= Sharon Goldfeld =

Paediatrician and public health physician

Sharon Goldfeld is a paediatrician and public health physician, who is Director of the Centre for Community and Child Health at the Royal Children's Hospital, Co-Group Leader of the Policy and Equity Research Group, and Theme Director, Population Health, at the Murdoch Children's Research Institute.

Goldfeld's research and publications cover early childhood development, parenting and social impacts. Her right@home randomised controlled trial, early intervention nurse home visitation project was recognised with the Marles Medal for outstanding impact in research, and as the most robust of its kind across Australia.

Goldfeld was closely involved in the initial development of the Australian Early Development Index (AEDI), which has been adapted and is now used extensively in Australian Schools as the Australian Early Development Census.

Additionally, Goldfeld is Lead Chief Investigator in the nationwide Kids in Communities data linkage study, funded by the Australian Research Council (ARC) to identify the community-level factors that improve children's outcomes in low socio-economic areas and develop an evidence-base for future studies.

== Awards ==
Goldfeld was awarded the inaugural Marles Medal in 2020 by the University of Melbourne. She won the Rue Wright Award for "best community child health research" in 2010 and 2011. The award was presented during the Annual Scientific Meeting of the Royal Australasian College of Physicians.

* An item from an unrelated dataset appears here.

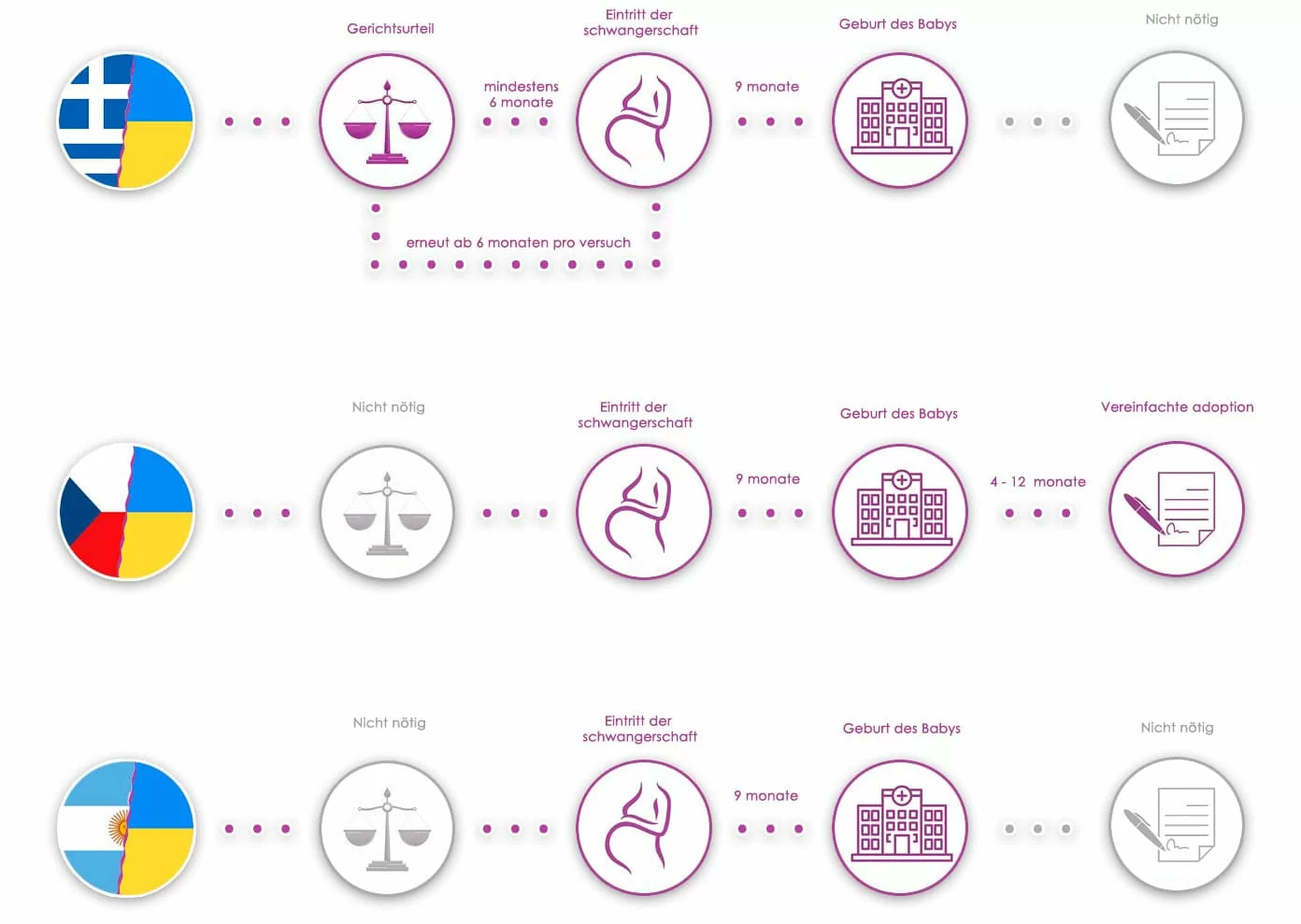 Besonderes Augenmerk wird auf Länder gelegt, in denen eine umfassende rechtliche Interaktion zwischen Klinik, Leihmutter, Eltern und Regierungsbehörden erforderlich ist: Großbritannien, Schweden, Norwegen, Dänemark, Niederlande, Spanien, Italien usw.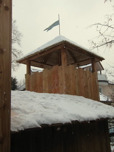Feind in Sicht! Den besten Überblick hat man natürlich vom Burgturm, den ein stolzer Wimpel ziert.

Goldfeld won the inaugural Aileen Plant Award in 2008 in recognition of her "contribution to Australian public health leadership and research". The award was sponsored by the Public Health Association of Australia, the Australian Epidemiological Association, the Australasian Faculty of Public Health Medicine and the Australian Health Promotion Association.

She was awarded the Exam Medal by the Australasian Faculty of Public Health Medicine in 2007. She won a Creswick Foundation Travelling Fellowship in 2003 and a Harkness International Fellowship in Health Care Policy, for 1999–2000.

Goldfeld was appointed a Member of the Order of Australia in the 2024 King's Birthday Honours for "significant service to paediatric medicine as a clinician and academic, and to public health research". In the same year, she was elected a Fellow of the Australian Academy of Health and Medical Sciences in 2024.

== Highlighted publications ==

- Potential indirect impacts of the COVID‐19 pandemic on children: a narrative review using a community child health lens.
- 'right@home': a randomised controlled trial of sustained nurse home visiting from pregnancy to child age 2 years, versus usual care, to improve parent care, parent responsivity and the home learning environment at 2 years.
- Kids in Communities Study (KiCS) study protocol: a cross-sectional mixed-methods approach to measuring community-level factors influencing early child development in Australia.
- Epidemiology of positive mental health in a national census of children at school entry.
- Jurisdictional, socioeconomic and gender inequalities in child health and development: Analysis of a national census of 5-year-olds in Australia.